Provided material ->
——————————
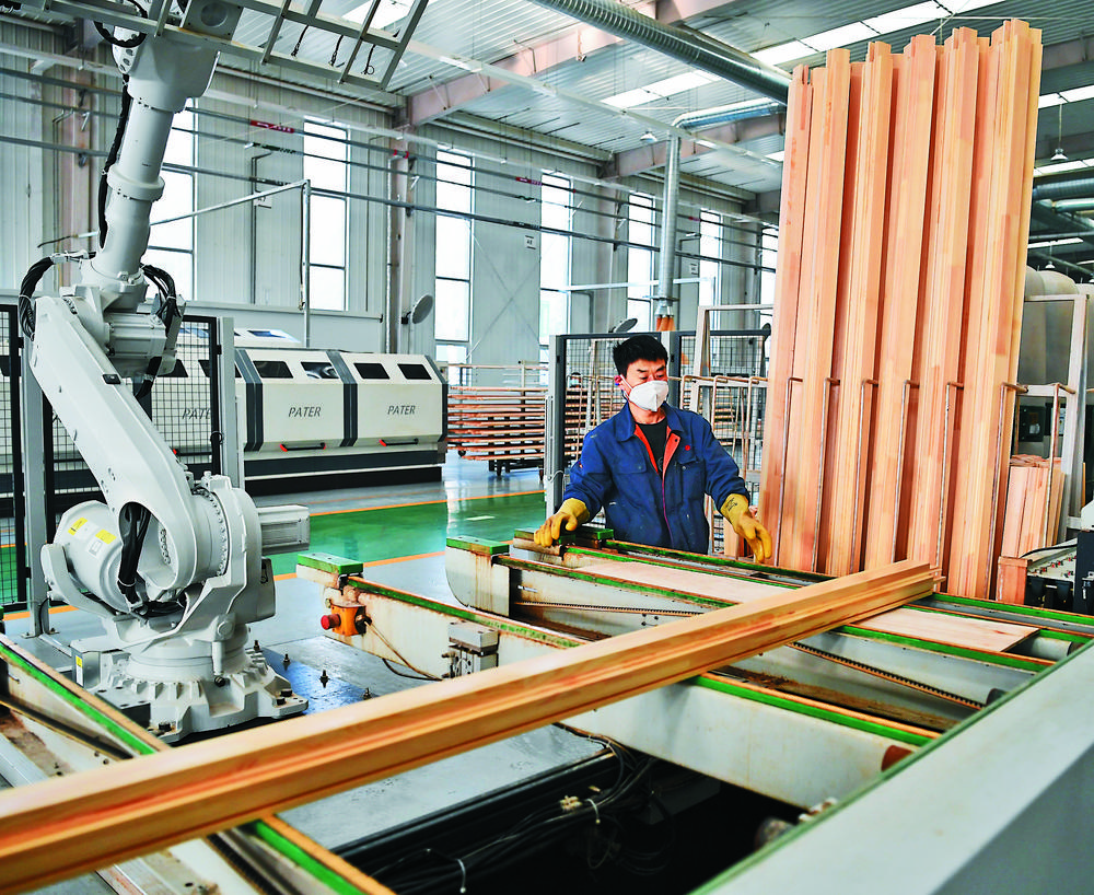 3月31日,河北省高碑店市奥润顺达窗业有限公司工人在生产车间工作。门窗产业是河北省高碑店市的传统支柱产业。近年来,高碑店市引导当地门窗企业立足市场需求,以科技创新为引领,加快科技成果转化,充分发挥产业龙头的聚合、辐射和带动效应,着力打造门窗特色产业集群,推动当地由传统门窗向智慧门窗转型升级。新华社记者 朱旭东摄
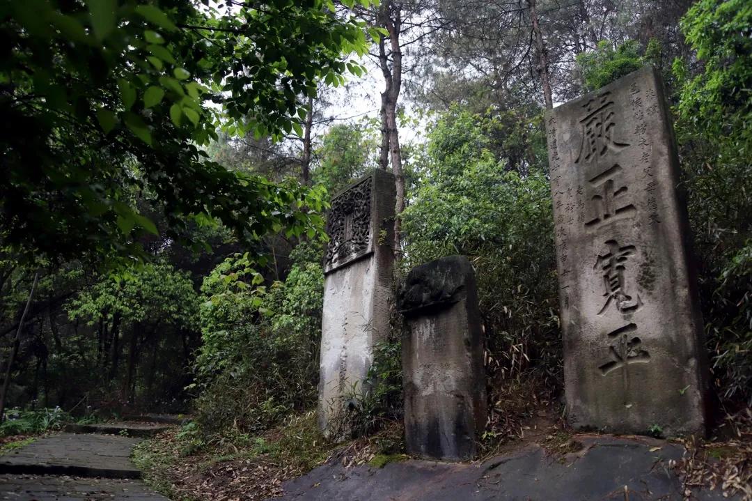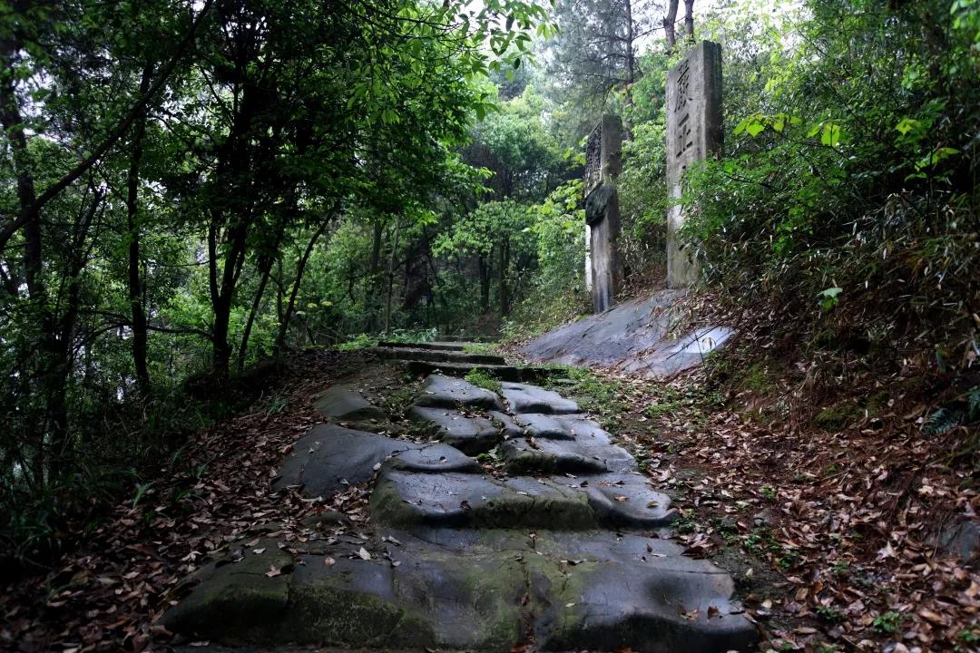 ▲古驿道边矗立着三块横向排列的石碑,当地人叫三道碑,始建于清道光年间,三块碑均坐西向东保存完好。雷键 摄
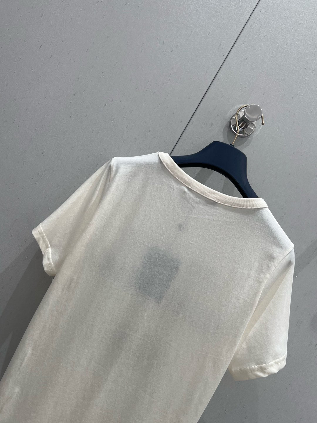 LV 25 Neck T-shirt White Mix Grey Cotton
——————————
Problem ->
Output the whole listing without change. Any picture is to be left out.

Solution to the problem ->
 3月31日,河北省高碑店市奥润顺达窗业有限公司工人在生产车间工作。门窗产业是河北省高碑店市的传统支柱产业。近年来,高碑店市引导当地门窗企业立足市场需求,以科技创新为引领,加快科技成果转化,充分发挥产业龙头的聚合、辐射和带动效应,着力打造门窗特色产业集群,推动当地由传统门窗向智慧门窗转型升级。新华社记者 朱旭东摄
 ▲古驿道边矗立着三块横向排列的石碑,当地人叫三道碑,始建于清道光年间,三块碑均坐西向东保存完好。雷键 摄
 LV 25 Neck T-shirt White Mix Grey Cotton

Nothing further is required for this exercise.